§ About this task
Would you repeat word for word the lines of the listing that follows, from the one with "根据招股书,水滴公司旗下主要" up to and including the one with "Гарна блузка на", and leave out the images?

§ Task input
=======

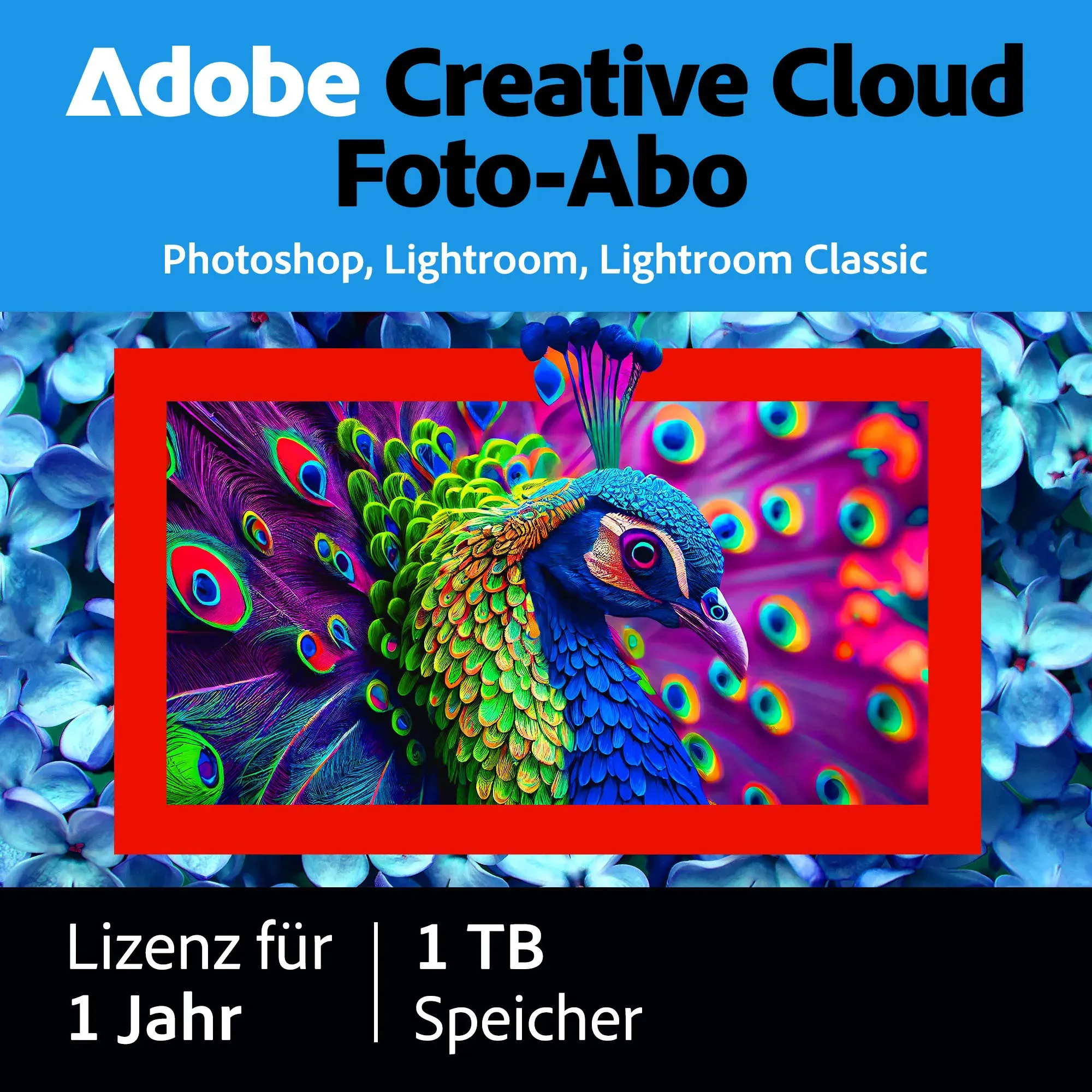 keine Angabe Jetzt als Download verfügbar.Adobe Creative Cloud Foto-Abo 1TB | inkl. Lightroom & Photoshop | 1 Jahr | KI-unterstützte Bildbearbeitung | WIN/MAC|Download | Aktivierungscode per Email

=======

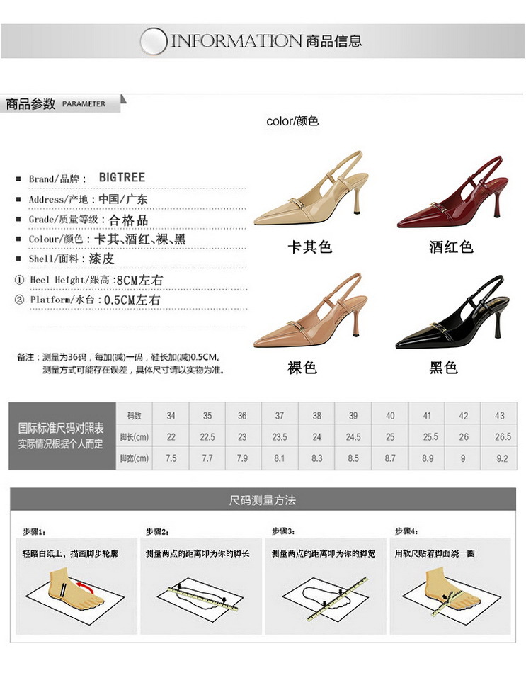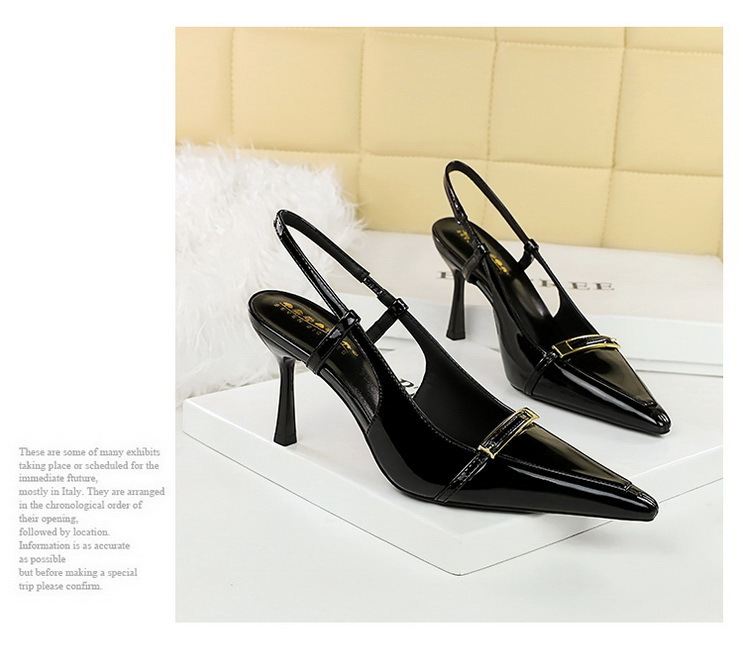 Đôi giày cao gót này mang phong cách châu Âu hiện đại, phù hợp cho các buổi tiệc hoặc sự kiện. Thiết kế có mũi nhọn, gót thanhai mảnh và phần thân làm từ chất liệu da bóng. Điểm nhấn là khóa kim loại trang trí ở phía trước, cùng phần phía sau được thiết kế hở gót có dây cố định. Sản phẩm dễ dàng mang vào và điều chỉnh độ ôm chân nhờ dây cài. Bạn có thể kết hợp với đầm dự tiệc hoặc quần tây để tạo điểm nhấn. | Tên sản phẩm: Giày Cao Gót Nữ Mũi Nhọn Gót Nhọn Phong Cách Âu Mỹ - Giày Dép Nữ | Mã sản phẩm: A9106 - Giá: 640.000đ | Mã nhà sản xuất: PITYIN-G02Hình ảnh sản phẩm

=======

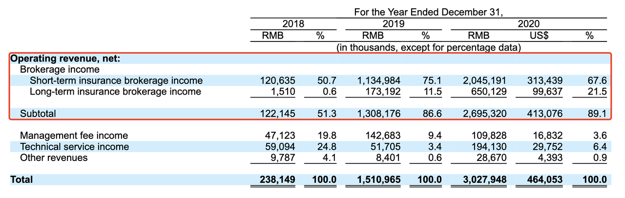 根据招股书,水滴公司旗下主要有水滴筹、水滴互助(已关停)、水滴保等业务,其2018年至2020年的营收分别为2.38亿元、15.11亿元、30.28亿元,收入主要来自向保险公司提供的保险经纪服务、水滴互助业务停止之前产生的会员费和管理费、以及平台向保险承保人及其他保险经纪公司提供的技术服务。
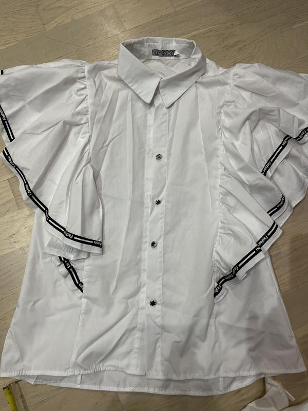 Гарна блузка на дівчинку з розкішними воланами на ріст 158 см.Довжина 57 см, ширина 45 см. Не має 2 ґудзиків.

=======

§ Answer space
 根据招股书,水滴公司旗下主要有水滴筹、水滴互助(已关停)、水滴保等业务,其2018年至2020年的营收分别为2.38亿元、15.11亿元、30.28亿元,收入主要来自向保险公司提供的保险经纪服务、水滴互助业务停止之前产生的会员费和管理费、以及平台向保险承保人及其他保险经纪公司提供的技术服务。
 Гарна блузка на дівчинку з розкішними воланами на ріст 158 см.Довжина 57 см, ширина 45 см. Не має 2 ґудзиків.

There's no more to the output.